- TASK PROMPT: Once the pictures are set aside, copy the records below exactly as they stand.

== DATASET EXCERPTS ==

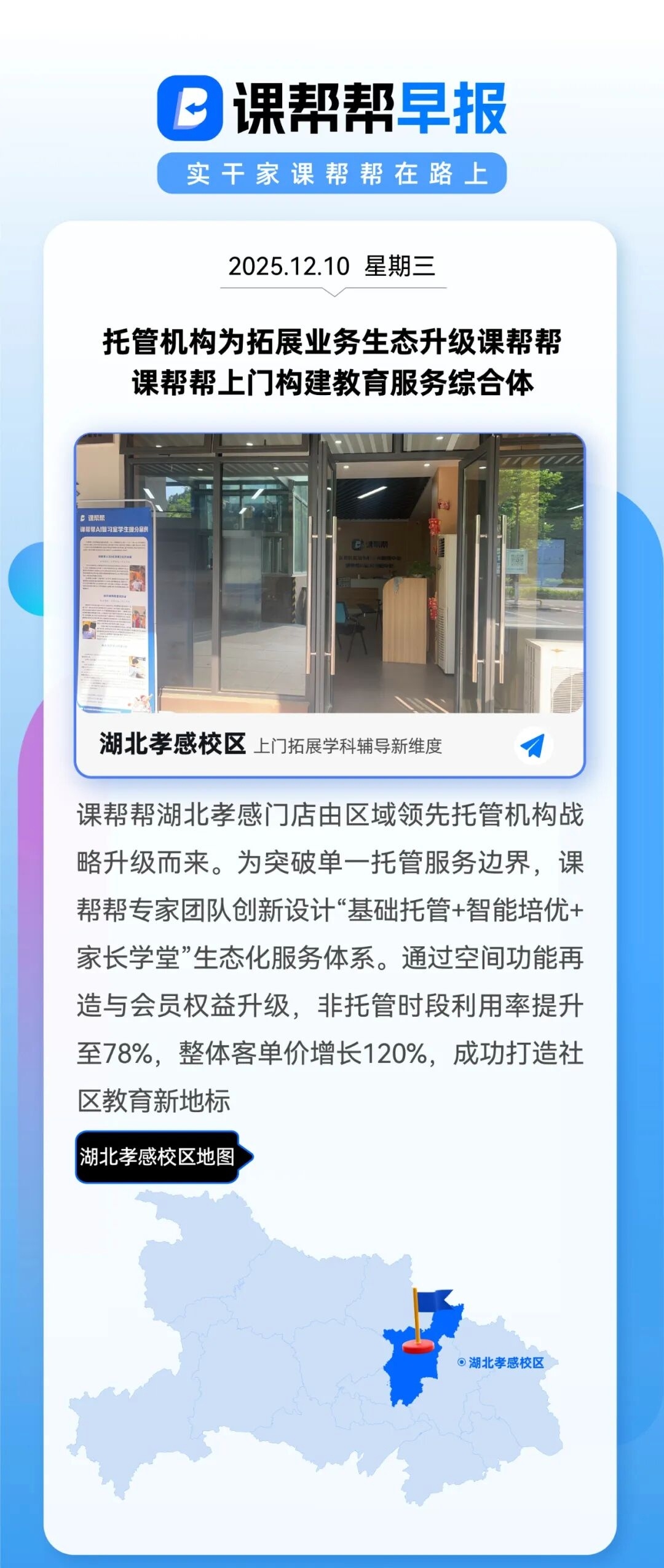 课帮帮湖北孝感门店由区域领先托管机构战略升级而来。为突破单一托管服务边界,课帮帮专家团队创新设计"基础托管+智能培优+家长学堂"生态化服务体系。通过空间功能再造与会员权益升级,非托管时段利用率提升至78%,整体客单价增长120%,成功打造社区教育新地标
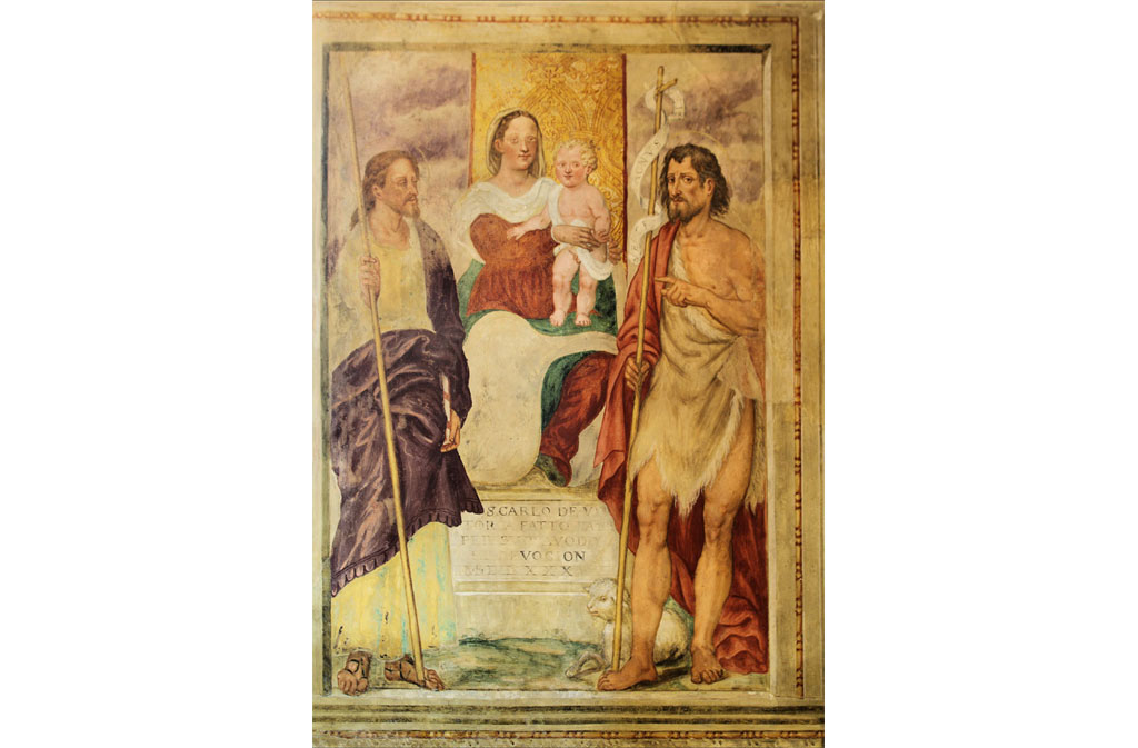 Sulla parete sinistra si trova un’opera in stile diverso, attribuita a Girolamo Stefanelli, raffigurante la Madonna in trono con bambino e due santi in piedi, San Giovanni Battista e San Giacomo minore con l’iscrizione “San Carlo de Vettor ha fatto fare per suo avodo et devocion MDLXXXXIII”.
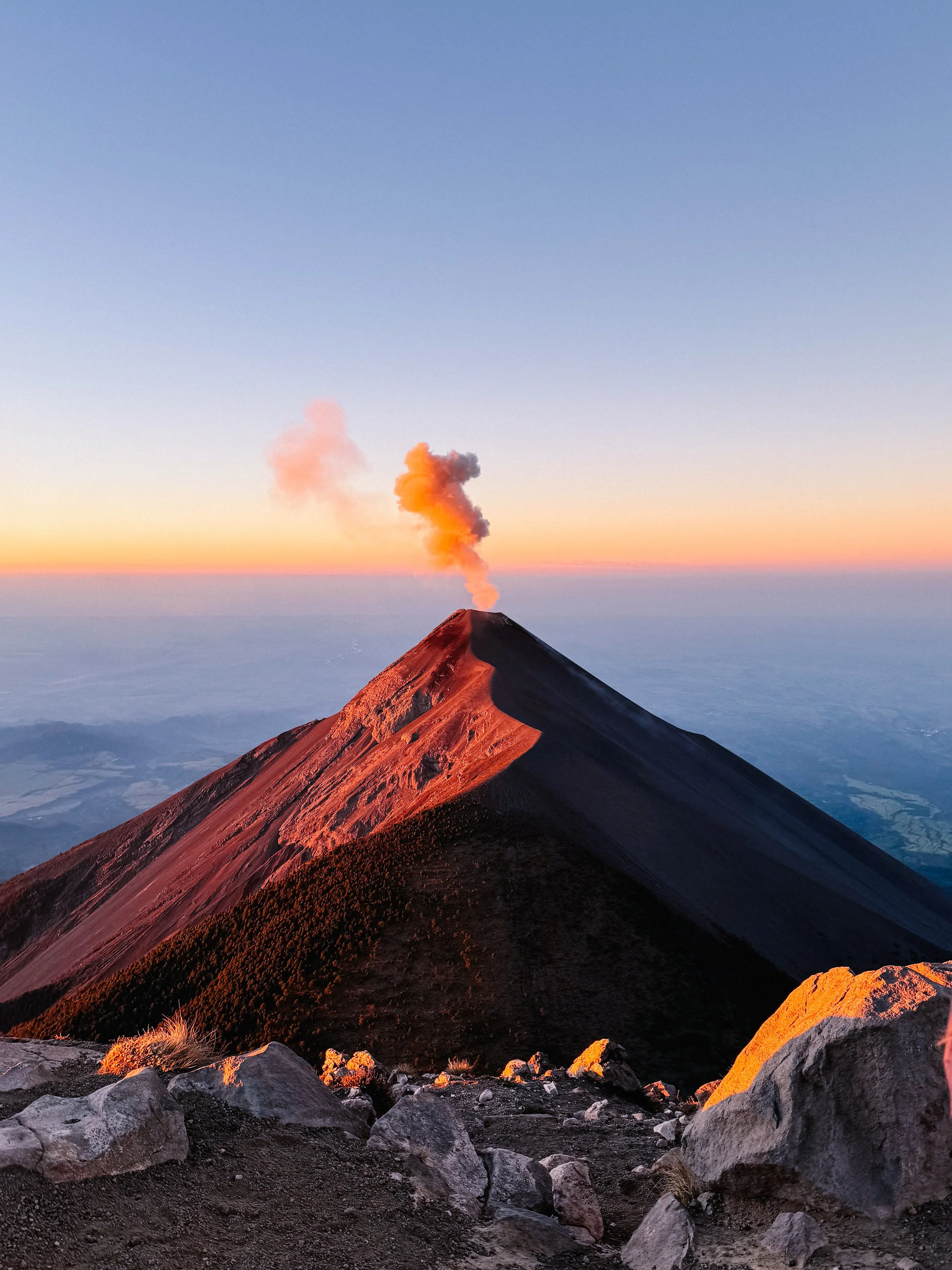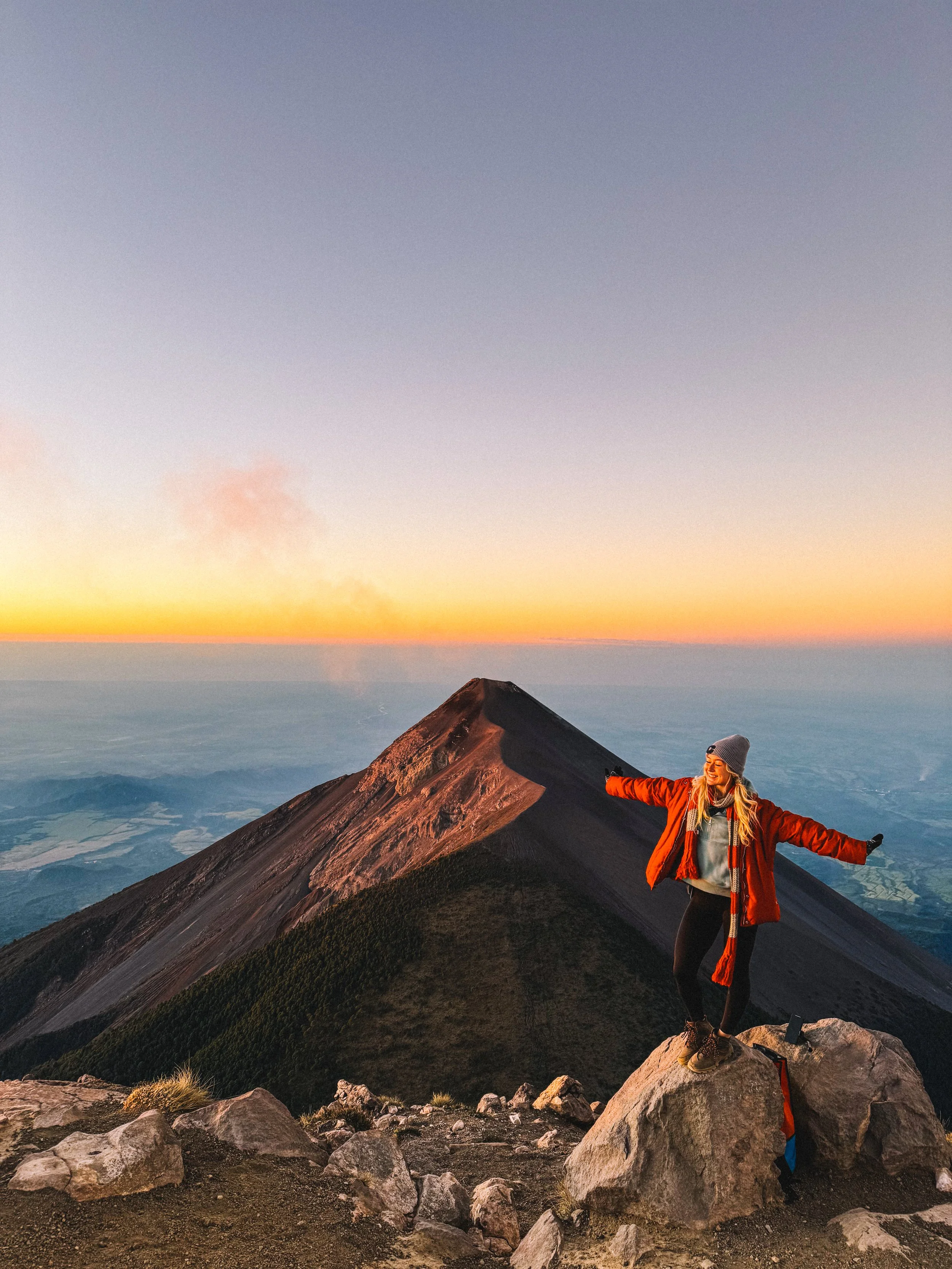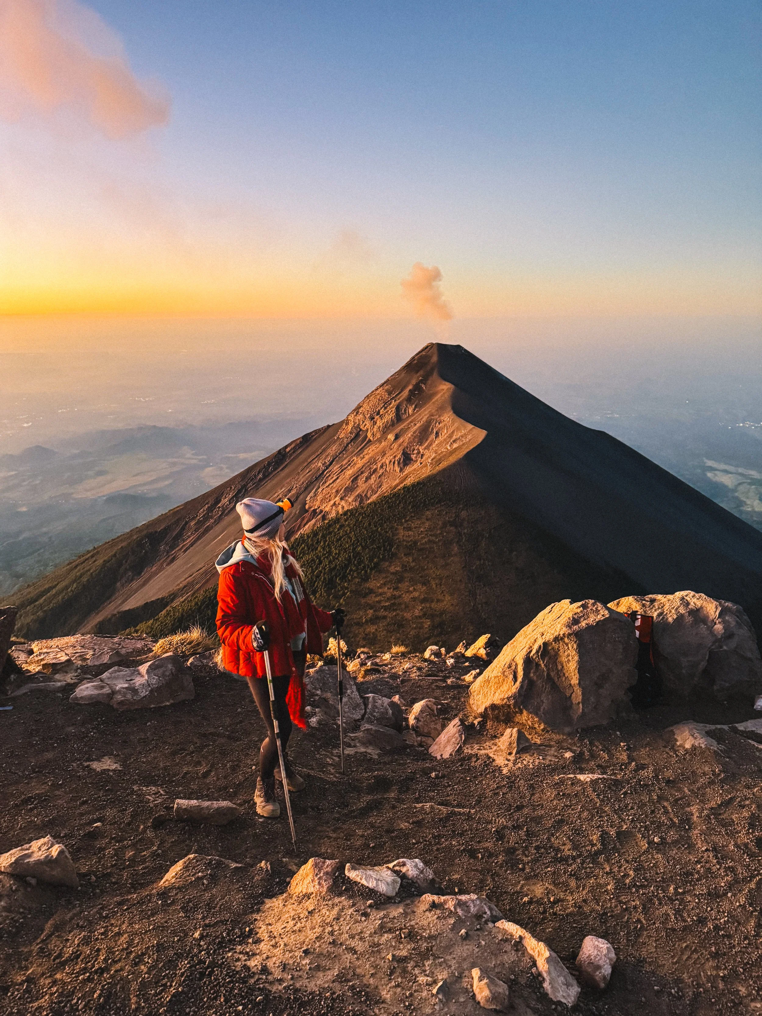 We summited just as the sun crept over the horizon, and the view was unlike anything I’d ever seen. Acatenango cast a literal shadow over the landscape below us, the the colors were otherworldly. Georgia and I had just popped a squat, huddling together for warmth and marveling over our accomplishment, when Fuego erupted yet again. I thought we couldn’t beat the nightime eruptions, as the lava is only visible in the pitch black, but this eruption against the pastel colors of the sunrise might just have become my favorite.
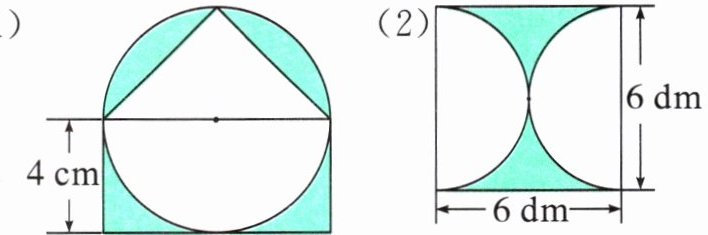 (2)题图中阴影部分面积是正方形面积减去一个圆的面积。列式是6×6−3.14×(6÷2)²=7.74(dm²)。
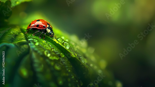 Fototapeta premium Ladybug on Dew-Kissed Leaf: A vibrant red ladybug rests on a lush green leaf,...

===

- SOLUTION TO THE PROBLEM:
 课帮帮湖北孝感门店由区域领先托管机构战略升级而来。为突破单一托管服务边界,课帮帮专家团队创新设计"基础托管+智能培优+家长学堂"生态化服务体系。通过空间功能再造与会员权益升级,非托管时段利用率提升至78%,整体客单价增长120%,成功打造社区教育新地标
 Sulla parete sinistra si trova un’opera in stile diverso, attribuita a Girolamo Stefanelli, raffigurante la Madonna in trono con bambino e due santi in piedi, San Giovanni Battista e San Giacomo minore con l’iscrizione “San Carlo de Vettor ha fatto fare per suo avodo et devocion MDLXXXXIII”.
 We summited just as the sun crept over the horizon, and the view was unlike anything I’d ever seen. Acatenango cast a literal shadow over the landscape below us, the the colors were otherworldly. Georgia and I had just popped a squat, huddling together for warmth and marveling over our accomplishment, when Fuego erupted yet again. I thought we couldn’t beat the nightime eruptions, as the lava is only visible in the pitch black, but this eruption against the pastel colors of the sunrise might just have become my favorite.
 (2)题图中阴影部分面积是正方形面积减去一个圆的面积。列式是6×6−3.14×(6÷2)²=7.74(dm²)。
 Fototapeta premium Ladybug on Dew-Kissed Leaf: A vibrant red ladybug rests on a lush green leaf,...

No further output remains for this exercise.